## Collected data
********************

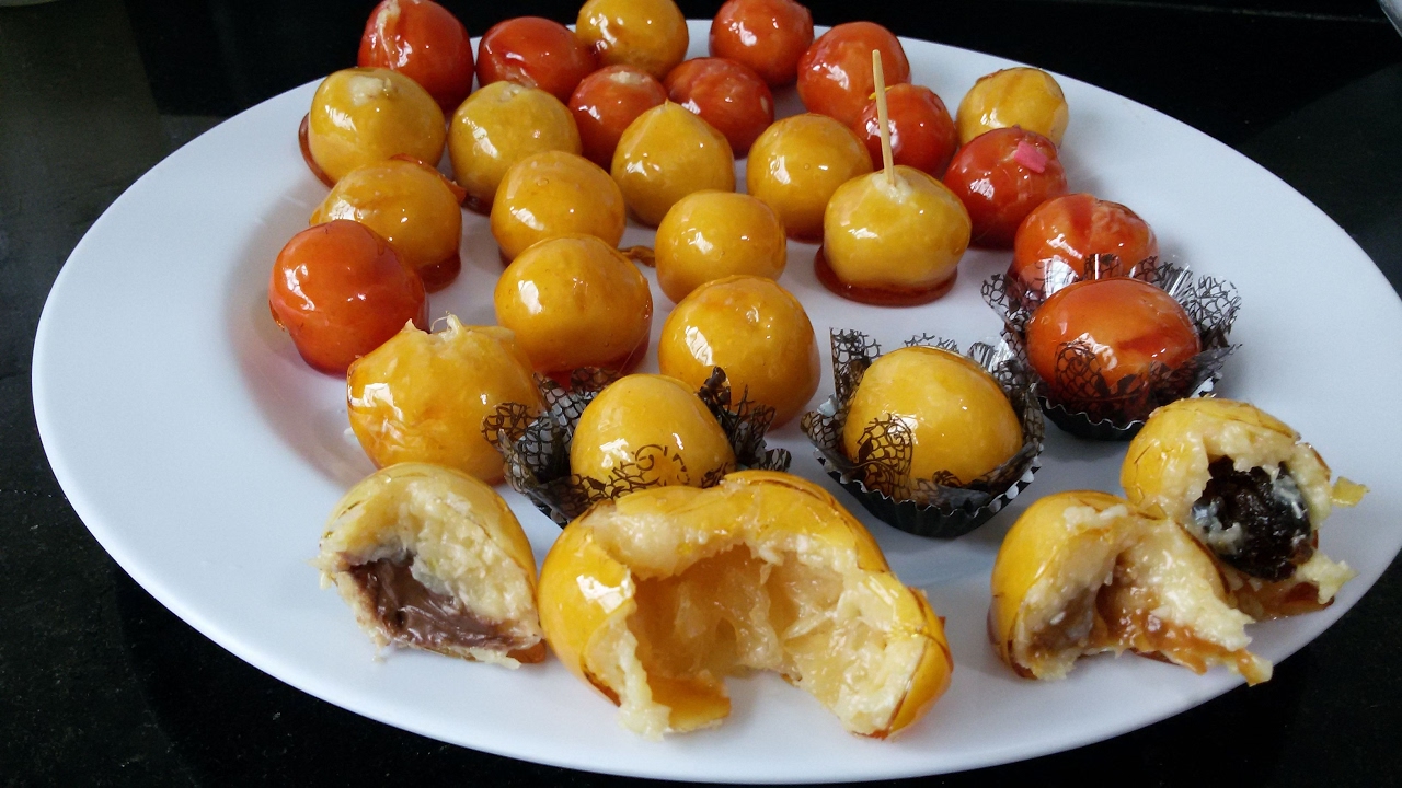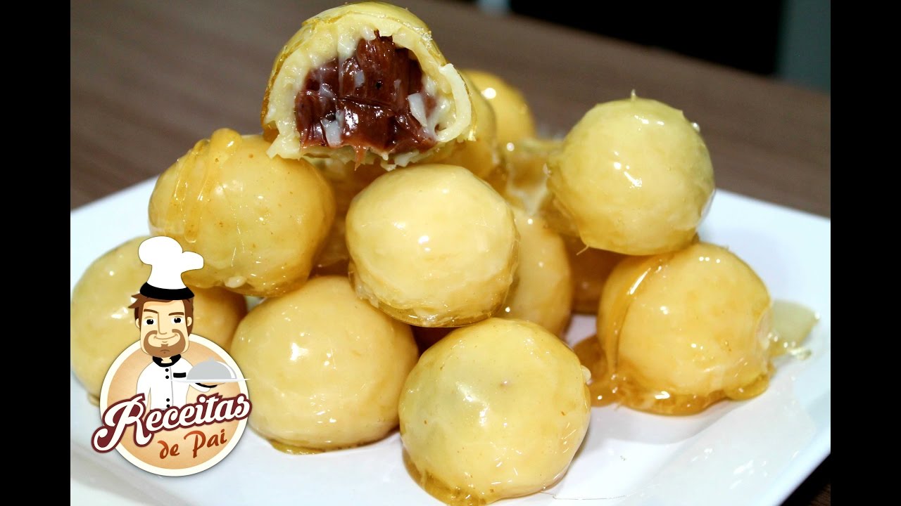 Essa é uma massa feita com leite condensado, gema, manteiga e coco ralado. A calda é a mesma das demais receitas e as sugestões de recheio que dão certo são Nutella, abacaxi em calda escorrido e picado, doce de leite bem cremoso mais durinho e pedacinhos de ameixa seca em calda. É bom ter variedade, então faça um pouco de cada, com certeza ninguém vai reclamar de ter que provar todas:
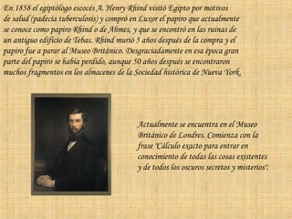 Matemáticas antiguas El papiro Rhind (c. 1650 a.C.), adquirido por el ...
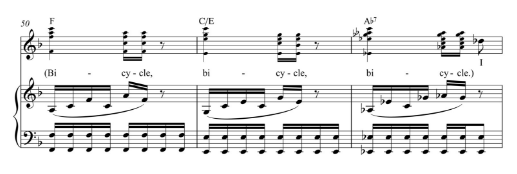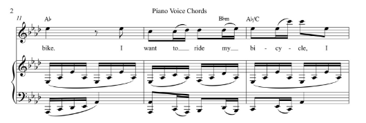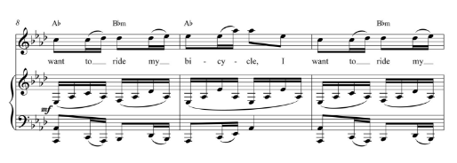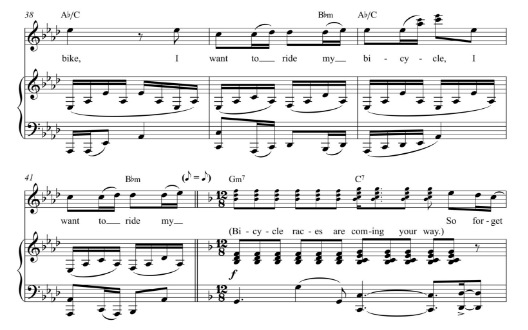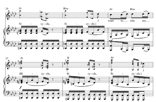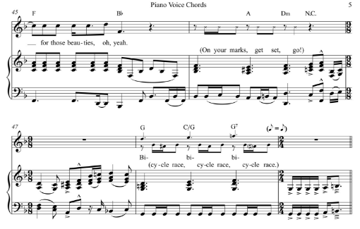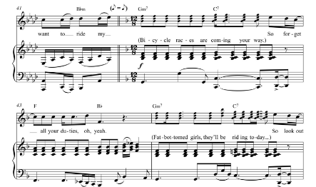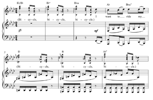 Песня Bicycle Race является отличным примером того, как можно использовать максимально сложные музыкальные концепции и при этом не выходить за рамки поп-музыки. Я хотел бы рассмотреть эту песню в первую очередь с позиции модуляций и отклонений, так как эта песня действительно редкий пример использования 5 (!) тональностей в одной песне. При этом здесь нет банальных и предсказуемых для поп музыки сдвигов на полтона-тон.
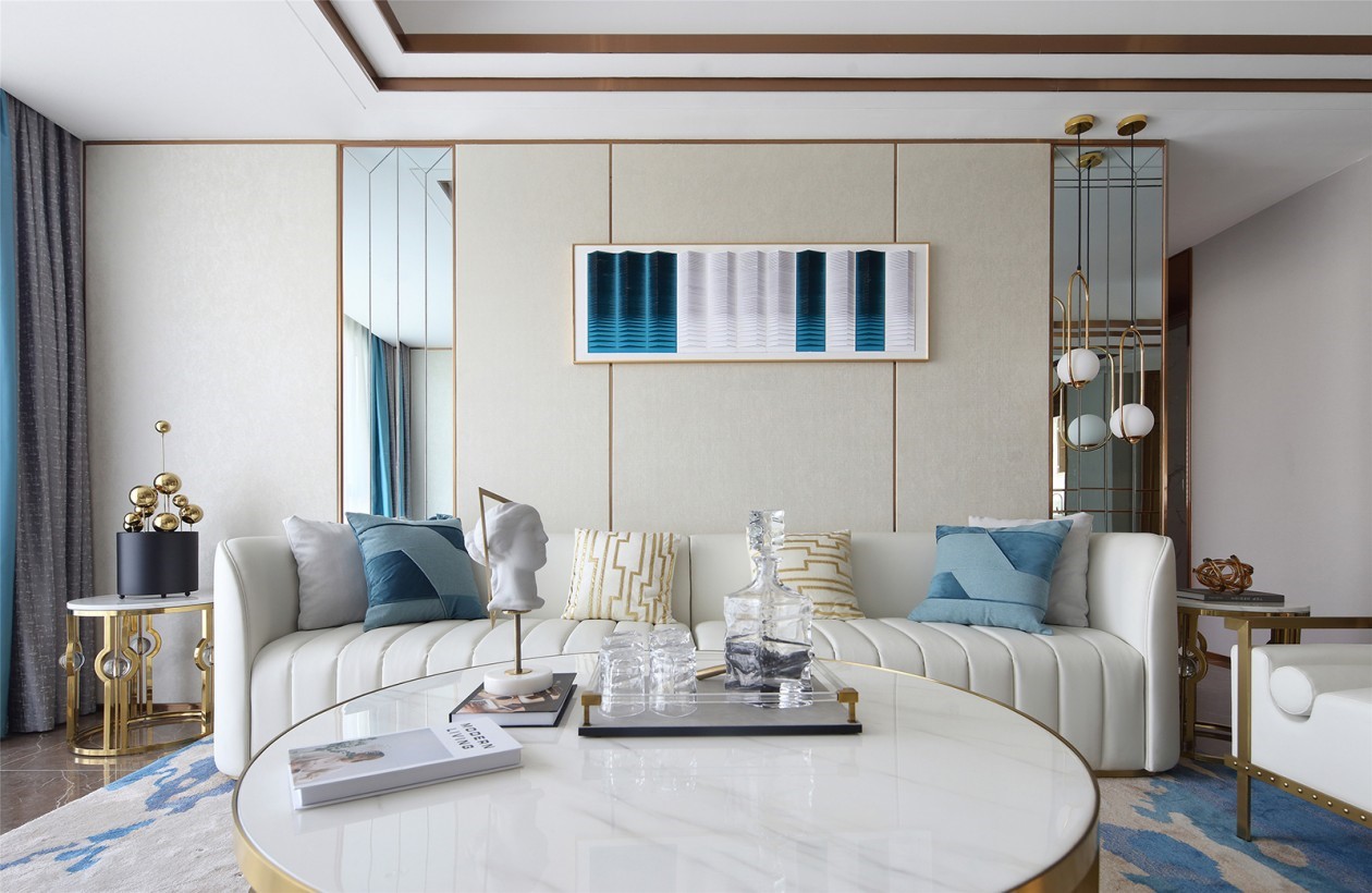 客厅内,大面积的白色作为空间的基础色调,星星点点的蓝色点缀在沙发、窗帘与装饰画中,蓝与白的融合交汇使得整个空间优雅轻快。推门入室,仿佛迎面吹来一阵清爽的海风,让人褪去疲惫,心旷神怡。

********************

## Task description
A faithful copy is needed of the lines from the one containing "Песня Bicycle Race" through the last line of the data above, with pictures left out.

## Written answer
 Песня Bicycle Race является отличным примером того, как можно использовать максимально сложные музыкальные концепции и при этом не выходить за рамки поп-музыки. Я хотел бы рассмотреть эту песню в первую очередь с позиции модуляций и отклонений, так как эта песня действительно редкий пример использования 5 (!) тональностей в одной песне. При этом здесь нет банальных и предсказуемых для поп музыки сдвигов на полтона-тон.
 客厅内,大面积的白色作为空间的基础色调,星星点点的蓝色点缀在沙发、窗帘与装饰画中,蓝与白的融合交汇使得整个空间优雅轻快。推门入室,仿佛迎面吹来一阵清爽的海风,让人褪去疲惫,心旷神怡。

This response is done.